FIG. 4C—Cost Generation
FIG. 4C illustrates the cost generation function 404, which may operate to determine local costs 440 for a cost pool 302, according to one embodiment. As FIG. 4C shows, the cost generation function 404 may include cost function 444, which may determine the local costs 440 based on the level of total activity usage 434 and the local conditions within an enterprise. The cost generation function 404 may receive the total activity usage 434 for the cost pool, as well as one or more parameters 303. In one embodiment, the parameters 303 include weighting coefficients for the cost function 444, or the cost function 444 itself. The parameters 303 may also include the local conditions within the enterprise, as well as any other information used to calculate local costs 440. The local costs 440 in a cost pool are the costs of the one or more activities associated with that cost pool, and do not take into account the costs of any subactivities or resources consumed by such activities. The cost function 444 may comprise any of a variety of functional forms, including for example, fixed cost 444A, variable cost, 444B, step cost 444C or non-linear functional cost 444D, among others. In addition, the cost function 444 may be a model, and in one embodiment, may be derived from a model used in an operations system, such as a production control system.

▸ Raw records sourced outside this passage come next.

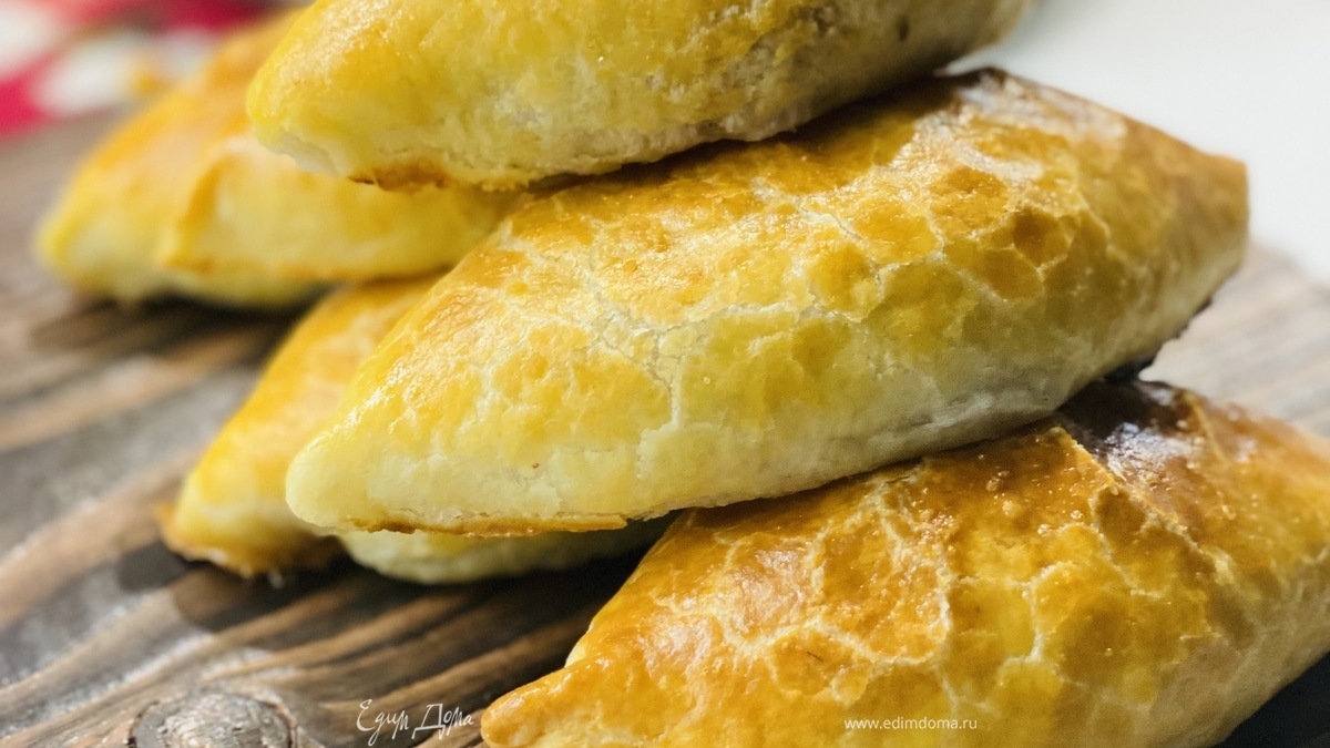 - Шаг 2Тесто разморозить до состояния альденте, вырезать из него кружки. Немного раскатать каждый на припыленном мукой столе, разложить начинку и сформировать пирожки.
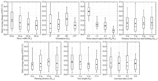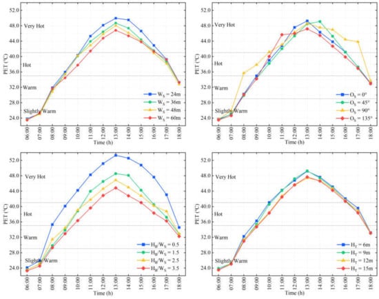 3.2. Characteristics of Changes in the Street Thermal Comfort (PET Index) on the Pedestrian Level
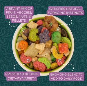 - Includes a delicious mix of flavors, textures and shapes to help keep your bird active, engaged and happy with their food.
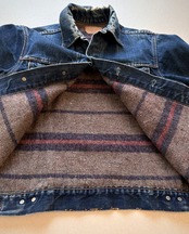 お馴染みの横長紙パッチに不均等Vの赤タブ、ボタン裏は524刻印にブランケットタイプのライナーが付きVINTAGEならではのディティールも魅力的な雰囲気の良いデニムジャケット。
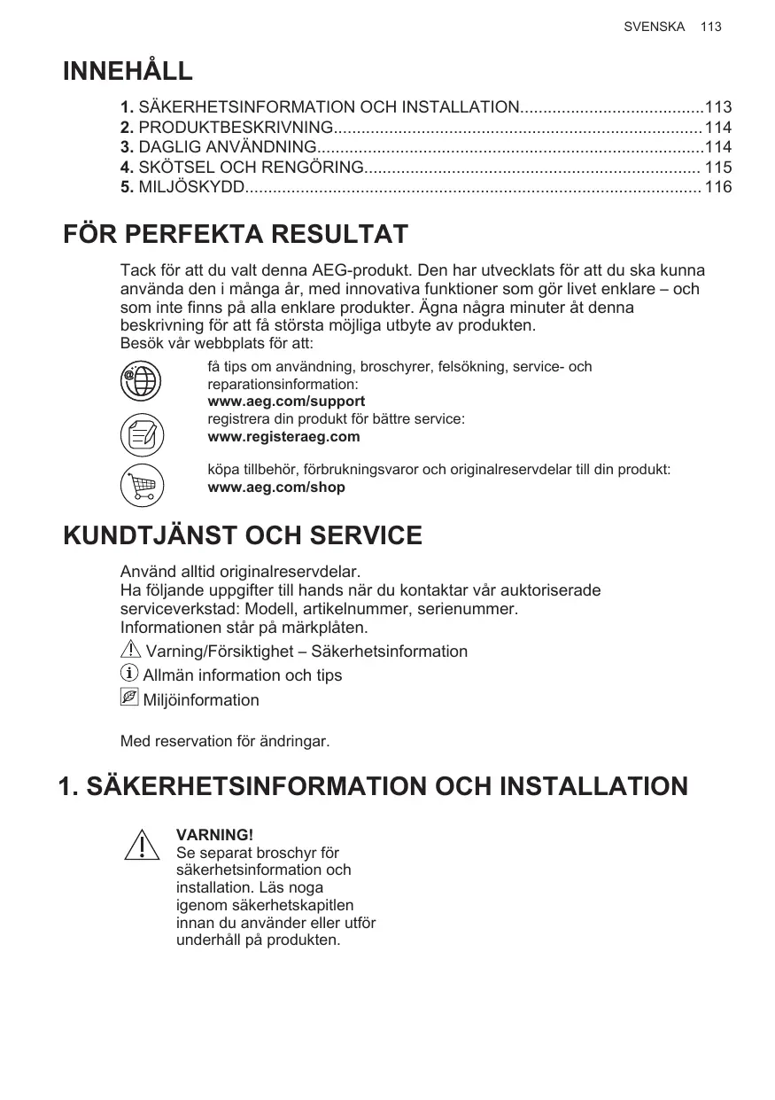 Enregistrer votre produit pour un meilleur service : www.registeraeg.com Acheter des accessoires, consommables et pièces de rechange d’origine pour votre appareil : www.aeg.com/shop
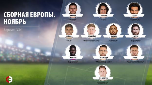 В сборную ноября вошли (4-3-3): тер Штеген ("Барселона", 6 голосов); Уокер ("Манчестер Сити", 4), Отаменди ("Манчестер Сити", 4), Юмтити ("Барселона", 6), Жорди Альба ("Барселона", 4); Де Брейне ("Манчестер Сити", 8), Эриксен ("Тоттенхэм", 5), Неймар ("ПСЖ", 5); Салах ("Ливерпуль", 9), Кавани ("ПСЖ", 7), Икарди ("Интер", 6).
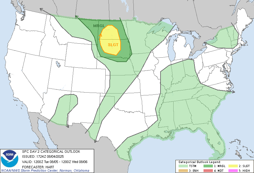 Today we are expecting some severe weather to impact the northern Plains. A Slight (level 2/5) risk of severe weather is highlighted in yellow over the Dakotas, with a Marginal (level 1/5) risk stretching into northern Nebraska and eastern Montana. Areas in light green are expecting some possible thunderstorms today, but nothing severe is expected in those areas.
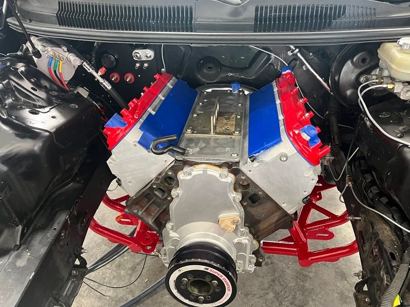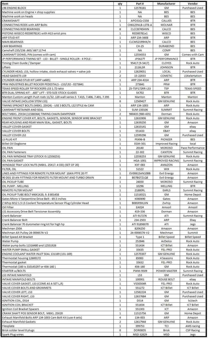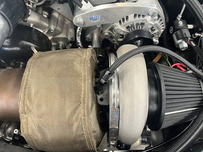 I purchased the car back in 2015. It was a H/C/I car living around 460 rwhp. The new setup is a 10.5:1 404ci forged L96 GM iron block, single turbo kit. Then engine machine work was done by BES in Indiana. The plan is to keep it as a street car for a few years with functioning heat, AC, full interior, living on low boost before the 10 pt cage goes in and it becomes a street/strip car. Most of its life will be on "low" boost living on the street. Maybe 1000 rwhp or so. This car will never see a 25 pt cage. 1200 rwhp should be enough to run 8.5 sec ¼ mile times.
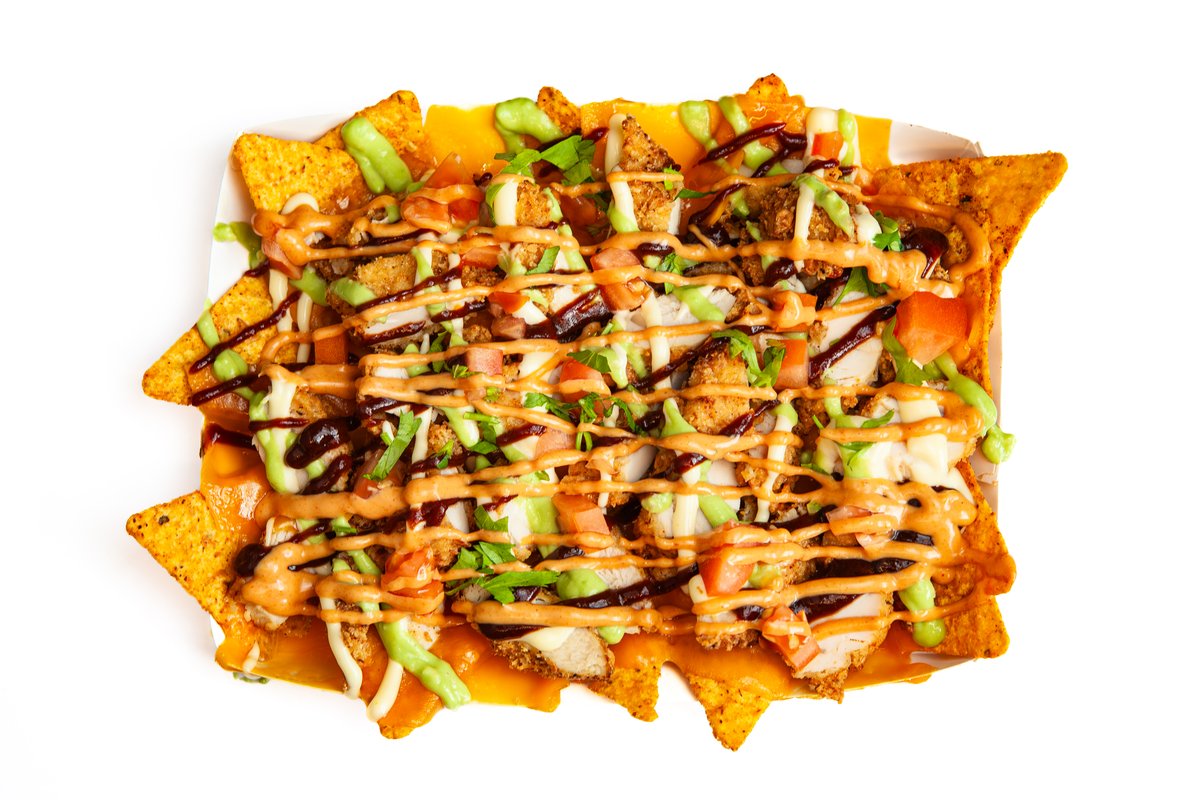 Tortillachips toppet med ostesauce, sprød kylling, tomat, avocado, barbecuesauce, mayonnaise og dressing. Serveres med sodavand og pommes frites.
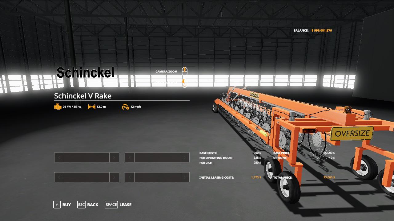 MOD SCHINKEL RAKE V1.0.0.0 FOR FARMING SIMULATOR 2019 Has a working width of 12 meters. All I did was update it to the last patch update and added a beacon at the back. Credits: Adub Modding |
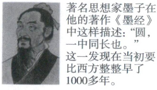 )。著名思想家墨子在他的著作《墨经》中这样描述:“圆,一中同长也。”,这一发现比西方整整早了 1000 多年。

 Thus, the local costs 440 calculated by a cost pool may be updated as the parameters 303 are updated in accordance with changes or updates received from information sources 206, e.g., from external sources or internal sources, such as from operations systems within the enterprise, such as a production control system.
FIG. 4D—Cost Aggregation
FIG. 4D illustrates the manner in which local costs 440 are aggregated with subcosts 410 received from other cost pools to calculate the total aggregated costs 450 of the one or more activities associated with the cost pool 302, according to one embodiment. As FIG. 4D shows, in this embodiment an aggregator 419 aggregates subcosts 410 with local costs 440 based upon general ledger code accounts, resulting in total aggregated costs 450. In another embodiment, the aggregator 419 may aggregate subcosts 410 and local costs 440 based upon groups of general ledger code accounts. By including the subcosts, the aggregated costs 450 take into account downstream costs of the one or more subactivities and resources driven by the one or more activities associated with the cost pool 302. Aggregation based on general ledger code accounts may allow for the computation of total aggregated costs 450 to be broken-down into any number of general ledger code account categories as deemed appropriate for the specific application. The total aggregated costs 450 may then be allocated amongst the cost pools 302 from which consumption quantities 412 were requested. In the embodiment shown in FIG. 4D, the total aggregated costs 450 are allocated amongst the other cost pools in proportion to the levels of activity requested, that is, the drivers 304, e.g., activity drivers, etc., received from the other cost pools.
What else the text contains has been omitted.